→ **Source data**:
┌──
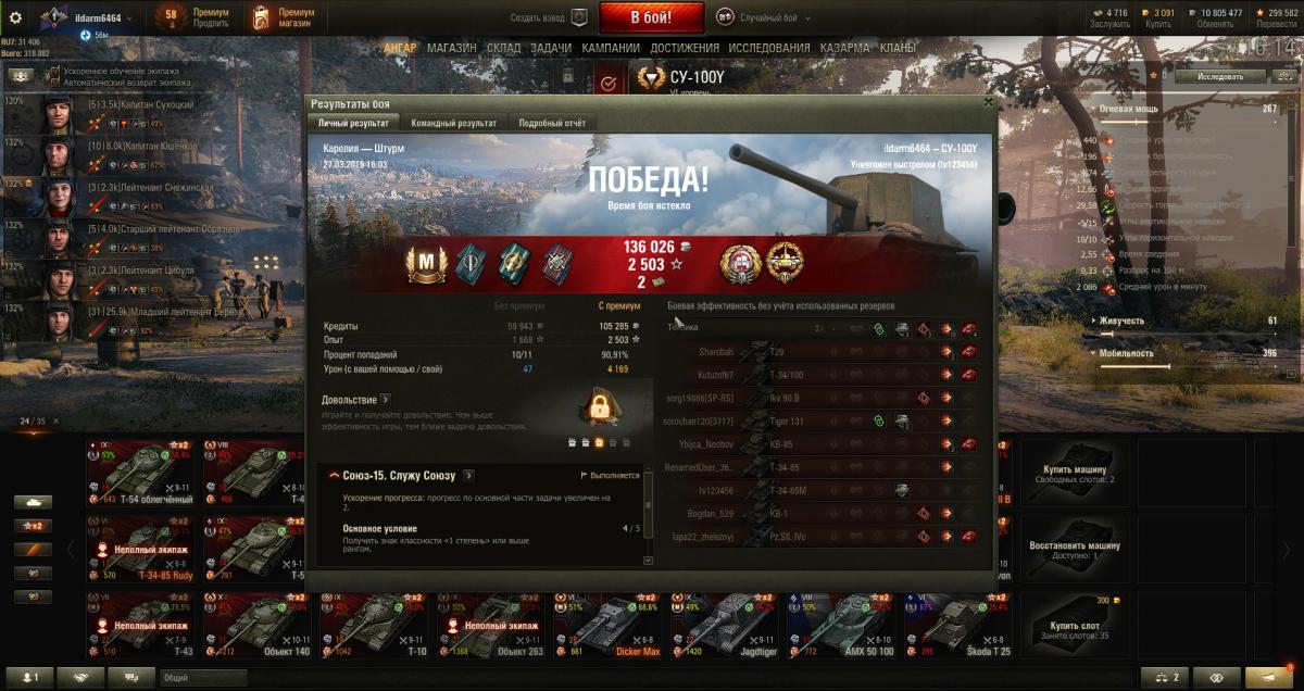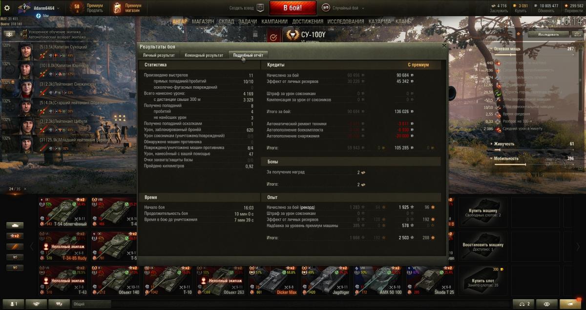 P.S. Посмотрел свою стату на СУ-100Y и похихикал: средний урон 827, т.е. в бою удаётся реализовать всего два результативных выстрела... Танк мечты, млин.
└──
┌──
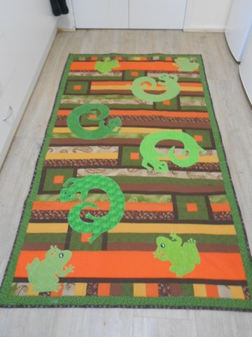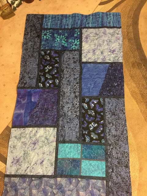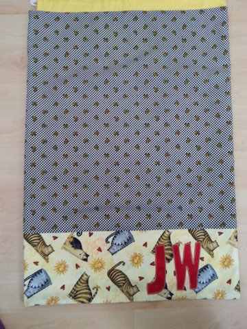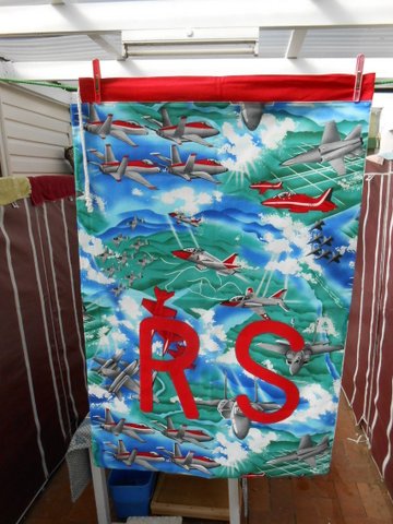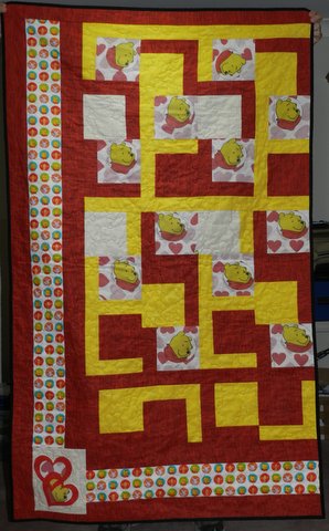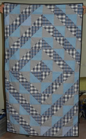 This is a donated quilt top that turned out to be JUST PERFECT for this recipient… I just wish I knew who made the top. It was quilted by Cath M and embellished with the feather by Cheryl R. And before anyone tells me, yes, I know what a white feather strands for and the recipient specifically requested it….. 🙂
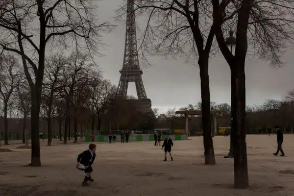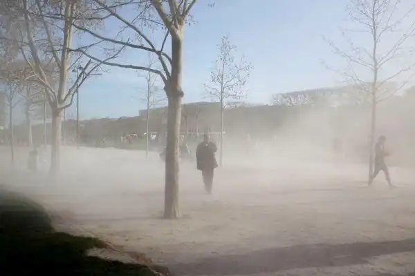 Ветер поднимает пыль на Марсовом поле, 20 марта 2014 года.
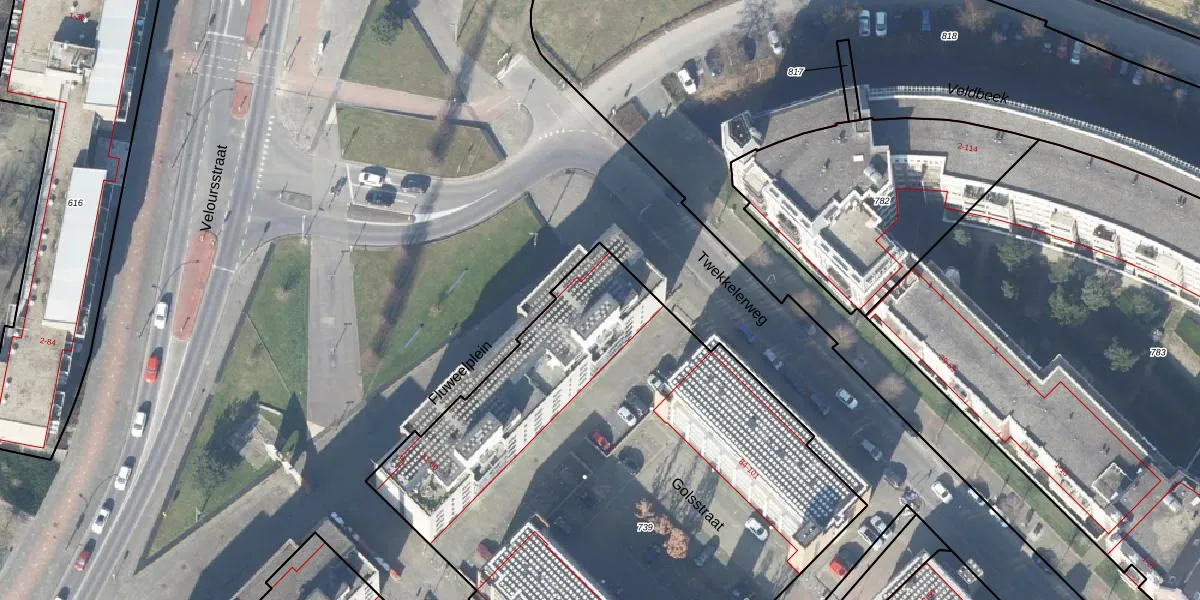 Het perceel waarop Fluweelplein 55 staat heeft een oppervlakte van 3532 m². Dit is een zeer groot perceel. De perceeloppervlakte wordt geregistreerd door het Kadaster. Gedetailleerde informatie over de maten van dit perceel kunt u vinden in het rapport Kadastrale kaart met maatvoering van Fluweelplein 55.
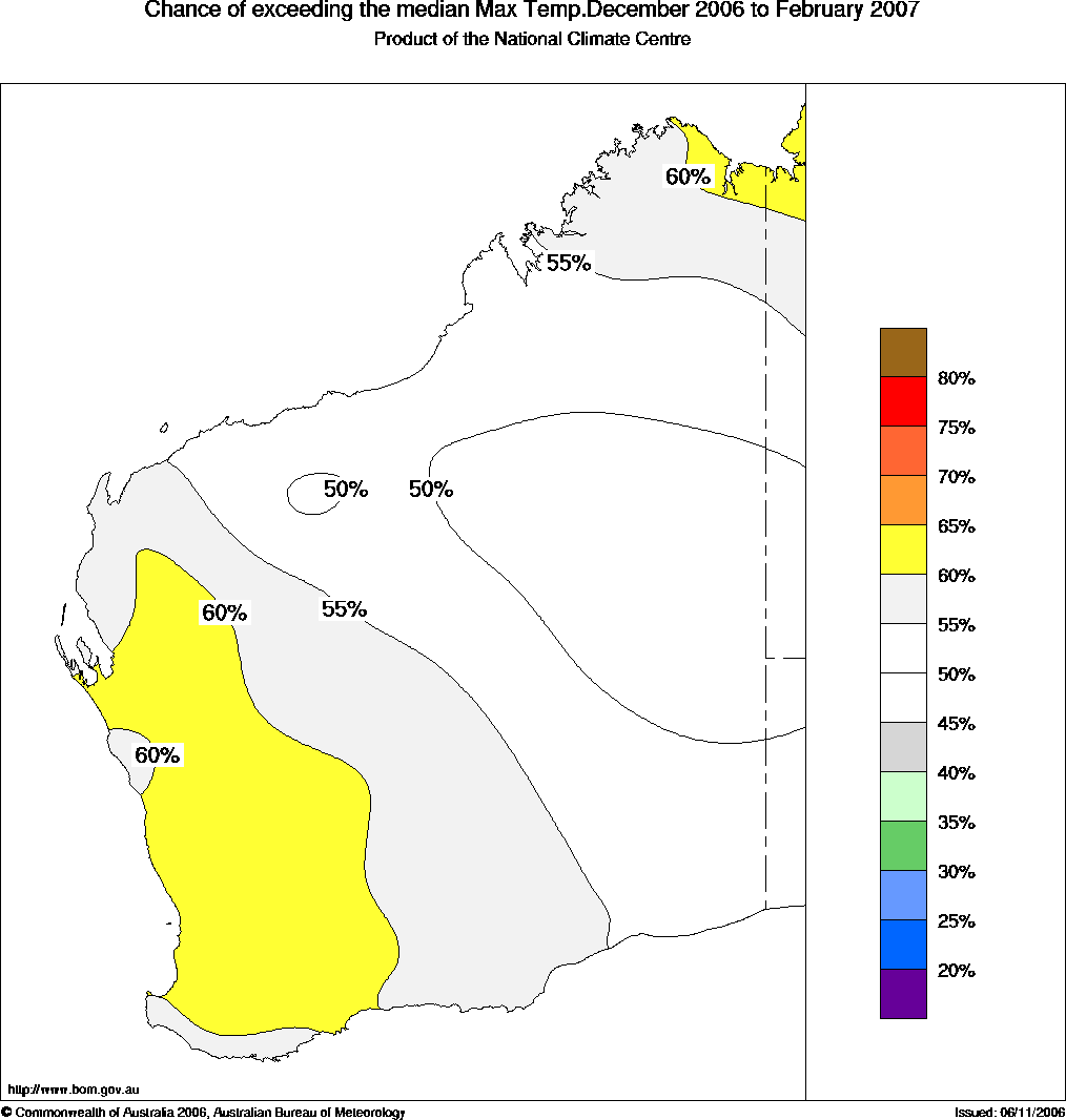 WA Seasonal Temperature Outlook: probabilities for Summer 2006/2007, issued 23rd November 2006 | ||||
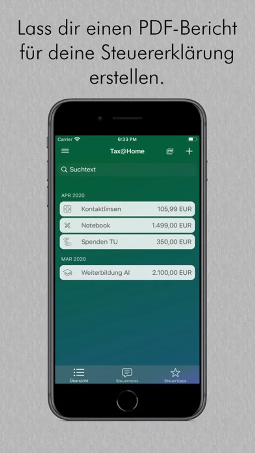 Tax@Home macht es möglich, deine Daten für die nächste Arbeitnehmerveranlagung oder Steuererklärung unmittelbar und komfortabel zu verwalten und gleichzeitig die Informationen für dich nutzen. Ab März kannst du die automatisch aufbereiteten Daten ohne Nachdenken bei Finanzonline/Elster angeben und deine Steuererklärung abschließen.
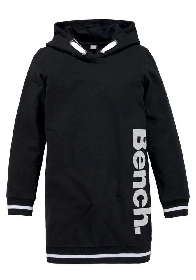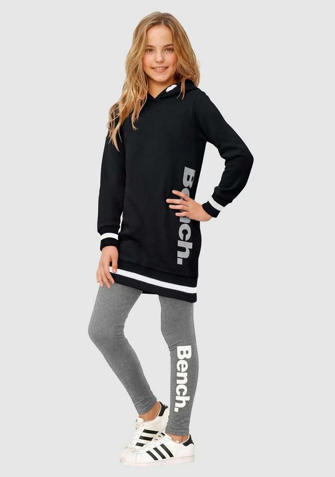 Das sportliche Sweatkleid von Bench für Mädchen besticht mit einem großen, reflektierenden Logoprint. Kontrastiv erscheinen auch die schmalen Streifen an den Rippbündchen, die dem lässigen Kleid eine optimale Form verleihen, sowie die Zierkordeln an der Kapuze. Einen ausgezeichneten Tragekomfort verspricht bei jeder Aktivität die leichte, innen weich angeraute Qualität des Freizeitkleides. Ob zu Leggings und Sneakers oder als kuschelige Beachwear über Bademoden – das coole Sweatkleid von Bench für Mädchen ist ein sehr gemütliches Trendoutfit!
└──
→ **Try it**:
Extract, without any images, the part of the material above that opens with the line containing "This is a donated" and closes with the line containing "Das sportliche Sweatkleid", both lines included.

→ **Solution for this exercise**:
 This is a donated quilt top that turned out to be JUST PERFECT for this recipient… I just wish I knew who made the top. It was quilted by Cath M and embellished with the feather by Cheryl R. And before anyone tells me, yes, I know what a white feather strands for and the recipient specifically requested it….. 🙂
 Ветер поднимает пыль на Марсовом поле, 20 марта 2014 года.
 Het perceel waarop Fluweelplein 55 staat heeft een oppervlakte van 3532 m². Dit is een zeer groot perceel. De perceeloppervlakte wordt geregistreerd door het Kadaster. Gedetailleerde informatie over de maten van dit perceel kunt u vinden in het rapport Kadastrale kaart met maatvoering van Fluweelplein 55.
 WA Seasonal Temperature Outlook: probabilities for Summer 2006/2007, issued 23rd November 2006 | ||||
 Tax@Home macht es möglich, deine Daten für die nächste Arbeitnehmerveranlagung oder Steuererklärung unmittelbar und komfortabel zu verwalten und gleichzeitig die Informationen für dich nutzen. Ab März kannst du die automatisch aufbereiteten Daten ohne Nachdenken bei Finanzonline/Elster angeben und deine Steuererklärung abschließen.
 Das sportliche Sweatkleid von Bench für Mädchen besticht mit einem großen, reflektierenden Logoprint. Kontrastiv erscheinen auch die schmalen Streifen an den Rippbündchen, die dem lässigen Kleid eine optimale Form verleihen, sowie die Zierkordeln an der Kapuze. Einen ausgezeichneten Tragekomfort verspricht bei jeder Aktivität die leichte, innen weich angeraute Qualität des Freizeitkleides. Ob zu Leggings und Sneakers oder als kuschelige Beachwear über Bademoden – das coole Sweatkleid von Bench für Mädchen ist ein sehr gemütliches Trendoutfit!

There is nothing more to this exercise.